See how geospatial data can add resilience to infrastructure

Thu, 2019-03-28 16:43 -- SCC India Staff


In the wake of growing geopolitical tensions, population explosion and ever-changing climatic conditions, nations, and the big companies instrumental in driving their economies cannot afford to ignore the need to develop resilient infrastructure. On the opening day of the three-day Geo Smart India Forum 2019, almost all speakers, during a series of plenary sessions, agreed that while there is a broad consensus among governments and businesses about the need to develop high-quality infrastructure to boost the global economy, the world continues to under-invest in it.

“In 2017, the world lost a whopping 370 billion dollars due to natural disasters. 2017 was second only to 2011, when a series of calamities caused widespread destruction in several nations. These figures highlight the need for resilient infrastructure,” said Kamal Kishore, member, National Disaster Management Authority.

Citing an Asian Development Bank report, Kishore, who was one of the speakers at the forum, said, “Asia will be spending 1.7 trillion dollars every year in building infrastructure. Of this amount, 200 billion dollars will have to be spent on making this infrastructure resilient. To successfully achieve this target, we need to focus on four key aspects: risk assessment, standards and regulations, long term finance and swift recovery of infrastructure in case of a disaster.”

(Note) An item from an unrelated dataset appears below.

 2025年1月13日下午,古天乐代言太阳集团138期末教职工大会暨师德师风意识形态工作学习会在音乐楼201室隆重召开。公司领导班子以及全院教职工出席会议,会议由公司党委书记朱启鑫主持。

In simple terms, infrastructure resilience means the ability to reduce the magnitude or duration of disruptive events. The effectiveness of a resilient infrastructure depends upon its ability to anticipate, absorb, adapt to, or rapidly recover from potentially disruptive events. “Infrastructure is not only what we can or will build. We have to view it in terms of the existing land, sources of water and other natural resources available to us. For me, an infrastructure’s resilience depends on its ability to be functional at the time of a calamity,” said Rajan Aiyer, Managing Director, Trimble India. Emphasizing on the importance of geospatial technology in this regard, Iyer, who was addressing a large gathering at the forum, said, “It’s now time to move from e-governance to g-governance.”

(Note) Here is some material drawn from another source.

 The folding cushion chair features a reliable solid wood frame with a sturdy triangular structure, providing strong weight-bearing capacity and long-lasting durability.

Kaushik Chakraborty, Vice President & Regional Executive SE Asia and India, Bentley Systems, Singapore, said that in order to build resilient infrastructure, proper information sharing between the concerned parties will have to be started from the time of finalization of the concept. “This will have to go on all the way to construction and then maintenance. That is why integration of geospatial and engineering has to be there,” he said.

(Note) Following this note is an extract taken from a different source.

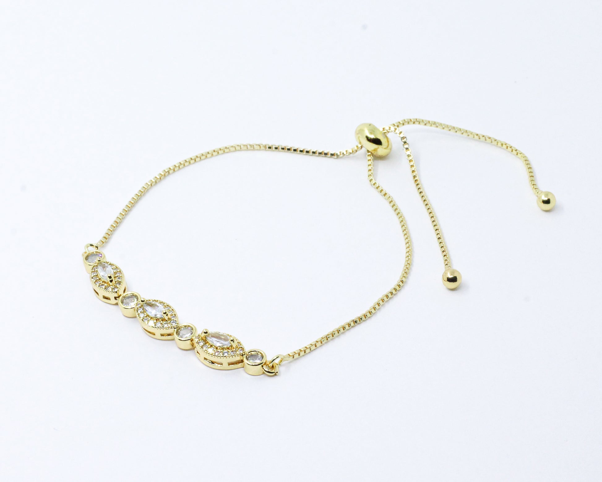 Una Pulsera dorada tipo corbatín, con tres elementos centrales en forma de ojo, cada uno adornado con un circón blanco que aporta un toque de luz y elegancia. En los costados, delicados biseles enmarcan un diseño versátil y lleno de sofisticación. Con esta joya, podrás expresar tu estilo y personalidad de manera sutil y cautivadora.

Meanwhile, presenting the government’s point of view on the issue, another speaker, Shambhu Singh, Additional Secretary and Financial Adviser, Ministry of Road Transport and Highways, said that the ministry has decided to use geospatial technology in construction, operation and maintenance of all national highways. “Geofencing of all national highways is also on our list of priorities. We are trying to bring all stakeholders to the table to ensure convergence of all modern technologies for better execution of our policies,” he said.

In the aftermath of devastating floods in India’s southern state of Kerala last year, the state’s governor, P Sathasivam, said that post-disaster, reconstruction should be viewed as an opportunity to rebuild the state offering better standards of living to all sections of society. Recently, Fijian Minister for Lands and Mineral Resources Ashneel Sudhakar also acknowledged that quality materials are extremely important to build resilient infrastructure that will have a long-lasting impact on the country.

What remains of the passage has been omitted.